Seven ways to eat a more plant-based diet

Diners at table being served

1 Eat with friends
If you have friends coming over for food and just one is following a meat-free diet, make the same meal for everyone. Not only will you spare yourself the hassle of cooking different dishes, you’ll also actually pep up your party: research from the University of Chicago shows that sharing the same food, not just sitting down to eat together, improves trust and cooperation.

2 Explore new cuisines
Forget what you can’t eat and get excited about discovering new ingredients and restaurants. Ethiopia has a reputation for incredible, soul-warming vegan food. Dishes from south India are less likely to use meat and ghee than those from the north. If you’re looking up recipes, you might be able to get inspiration from certain occasions: food that’s eaten in Greece during Lent, for example, is mostly meat- and dairy-free.

3 Challenge yourself to a 30-plant week
Five a day?
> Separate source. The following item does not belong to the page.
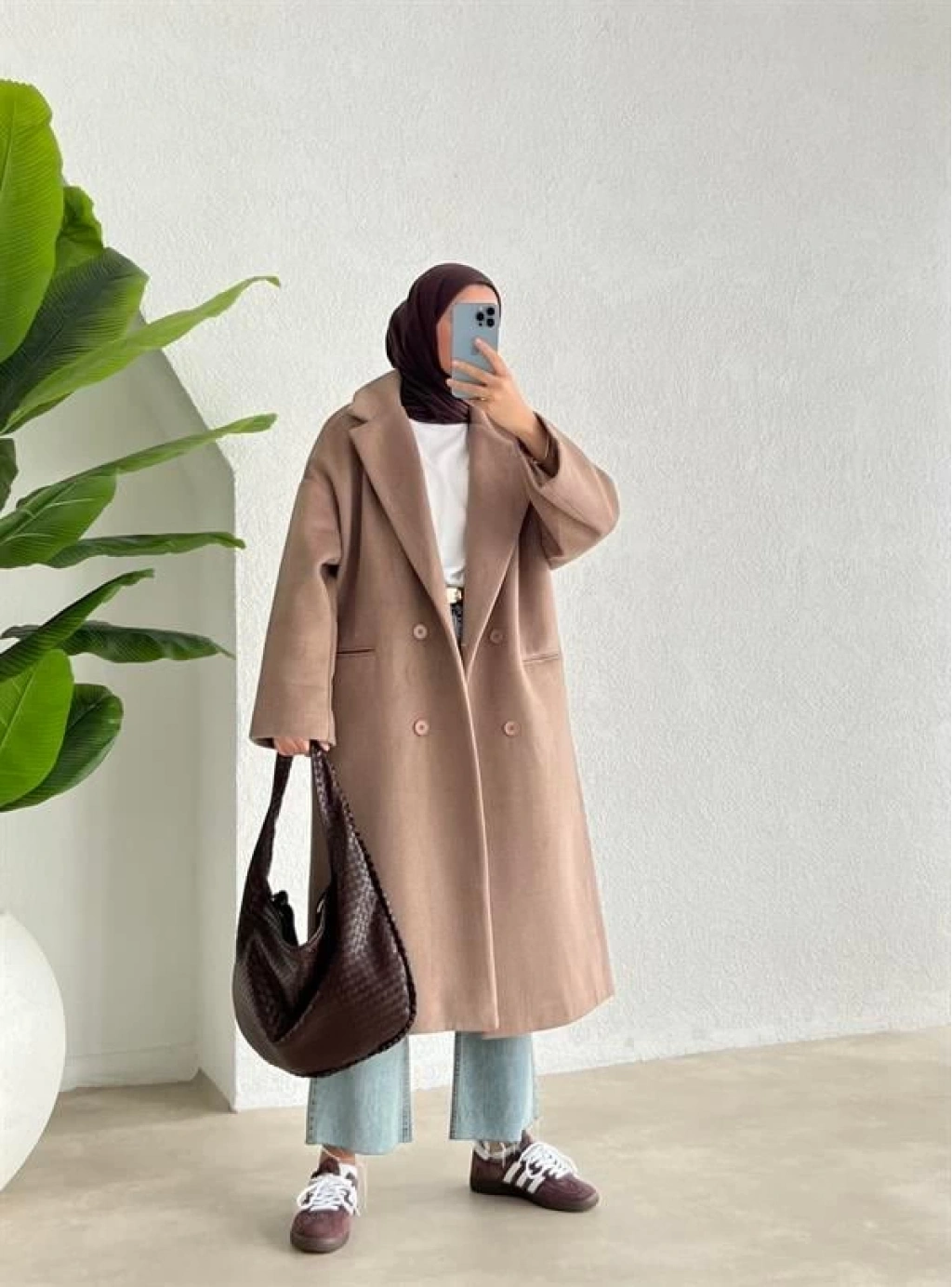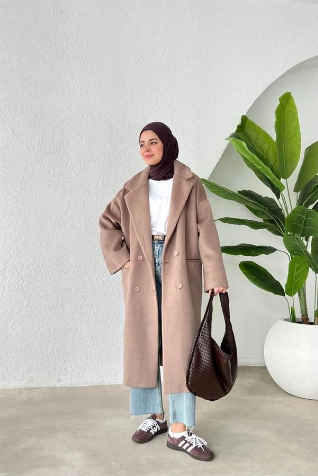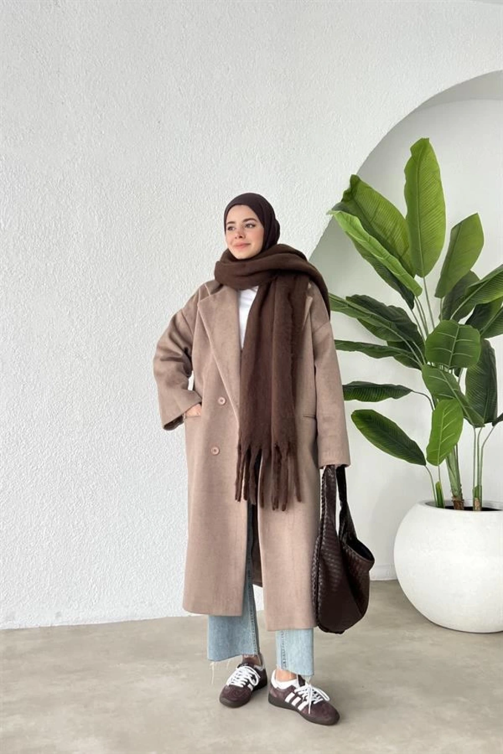 İTHAL KAŞE MNG KABAN DİK YAKA BEJ

Old news. Scientists in the US found that people who ate 30 different kinds of plants in a week had a much more varied gut microbiome than those who ate 10 or fewer. Their research showed it could improve your digestion and reduce the risk of bowel cancer. So how do we fit more plant-based foods into our diet? Think about adding one extra vegetable to your side salad. Grate a carrot into tomato sauce in lieu of sugar. Start eating plants at breakfast, adding dried or fresh fruits to porridge, or cooking up spinach or mushrooms.
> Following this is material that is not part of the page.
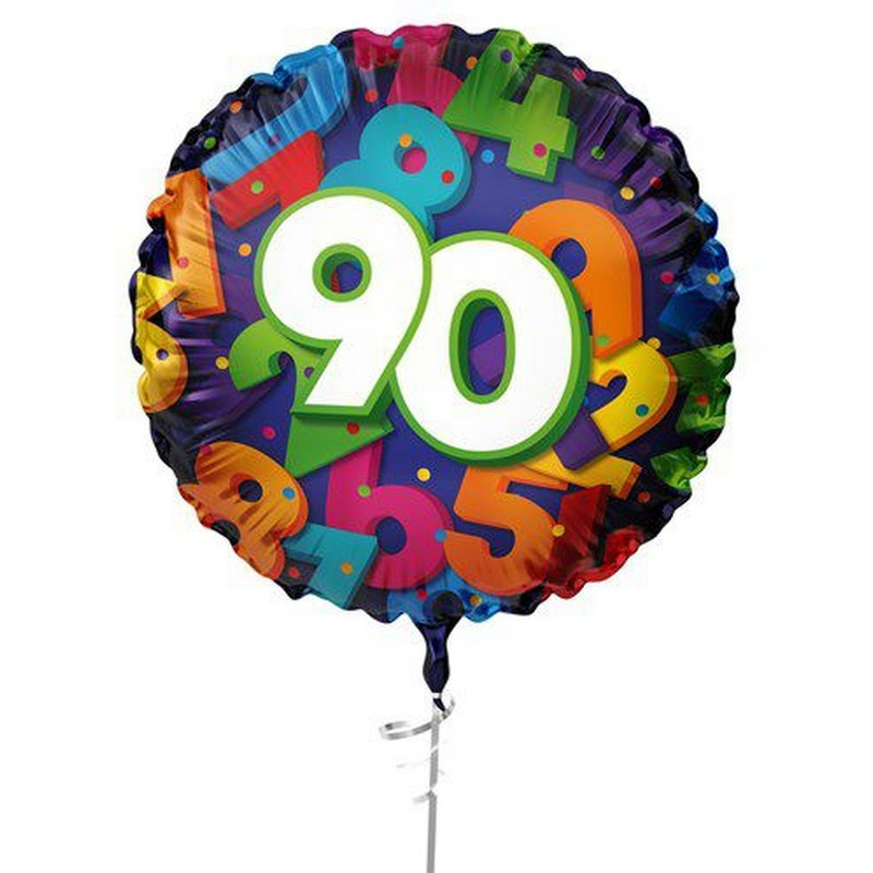 Vidám, színes számos lufi 90. születésnapra.

People visiting fruit and veg stall at the market

4 Hit the market
And no, it doesn’t have to be a bougie farmers’ market. If you’re lucky enough to live within striking distance of a local market, it’s a cheap and fun way to shop. The whole “pound a bowl!” joy makes for vibrant streets, and the stacks of fresh produce will inspire your cooking. When you have impulsively purchased a bag full of aubergines for a pound, you’ll want to find ways to use them.

5 Think of alternatives
At the supermarket, you’ll notice that the section of vegan alternatives is expanding rapidly. And, again, choosing to explore will pay delicious dividends. Jackfruit cooked as a curry or stuffed into a burrito is lush and filling. Oat drinks make for incredibly creamy porridge and smooth hot chocolate (whisk up with cocoa powder, sugar and a pinch of mixed spice). Nutritional yeast may sound a bit bleak, but it’s great for adding a savoury, cheesy flavour to sauces.

6 But what about protein?
Plant-based diets can fall short on protein, but you can meet your daily requirements by eating a variety of beans, pulses, grains and nuts – all of which provide more dietary fibre than meat. About one-third of global greenhouse gas emissions come from the food system, with half of those emissions produced from the livestock (or animal-based) sector.

7 Don’t stress about labels
In general, animal-based products have a higher environmental impact than plant-based products. If you want to reduce your climate impact, switch to a more plant-based diet. But on a personal level, it can be difficult to tell yourself you will never eat roast beef again. There’s no need to issue a press release that you’re now vegan, vegetarian, flexitarian or whatever. Ditch the labels. Just keep exploring new foods and making small changes, because every time we choose plant-based we’re helping the environment.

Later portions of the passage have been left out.